E qui ti voglio perché lo so che, se ci somigliamo un po’, di sindrome dell’impostore soffriamo tutte noi, anime al contrario.

Hai presente quando, nonostante padroneggi un argomento, pensi di non essere “ancora” in grado di parlarne? O quando ti fanno i complimenti perché hai fatto un lavoro della madonna e tu pensi: “Forse vuole solo essere gentile!”?

Aspetta, aspetta che questa ce l’abbiamo tutte/i… quando sei a cena con gli amici e c’è sempre lo “splendido” che parla come fosse il mega-professore universitario di una cosa di cui tu sai tutto dalla A alla Z, dentro di te pensi “Ma questo che sta a dì?”, eppure non ti senti in grado di ribattere?

Ecco, tutte queste belle cosette sono sintomi della disgraziatissima sindrome dell’impostore.

Ah, in tutto questo, lo “splendido” soffre del disturbo opposto: l’effetto Dunning-Kruger che, ironia della sorte, fa credere a queste persone di essere chissà chi, di saperne più degli altri ma non ne sanno nulla, o quasi nulla. Incredibile, vero?

E so anche che questa cosa ti fa rodere il c…

Allora visto che qui la tua Noemi è sempre pronta a non farti sentire sola/o, parliamo un po’ di questa sindrome e di come possiamo affrontarla per vivere meglio, ché di vite gratuitamente sofferenti non ne vogliamo. Qui si vuol star bene.

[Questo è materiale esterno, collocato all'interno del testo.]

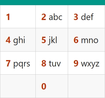 如果要打出一个 'x',就需要按两下 9。第一次按 9 号键会出现 'w',按第二次才会将 'w' 改成 'x'。注意 0 号键的作用是打出一个空格。 给定一些仅有小写字母和空格组成的字符序列,请计算用九宫格输入法总计需要按多少次键。

La sindrome dell’impostore affligge anche gli impensabili

Cominciamo dai dati scientifici ché, si sa, noi affetti da sindrome dell’impostore vogliamo dati misurabili.

Gli studi di Pauline Clance e Suzanne Imes (prime scienziate ad aver parlato di sindrome dell’impostore) hanno dimostrato che non solo questa sindrome è comune ad una grossa fetta della popolazione mondiale ma anche che quella fetta corrisponde a persone di grande talento.

Ebbene sì, sappi che attori e attrici famose/i, professoresse universitarie, premi Nobel, artisti d’eccellenza senza eccezione soffrono di sindrome dell’impostore.

Anzi ti dirò di più, sono proprio le persone più competenti a soffrirne, quelle che si fanno il mazzo, che sfidano ogni giorno i propri limiti, che ambiscono a migliorarsi sempre di più.

Sto parlando di persone come Meryl Streep, sì, hai sentito bene, quella che è considerata la migliore attrice dei nostri tempi.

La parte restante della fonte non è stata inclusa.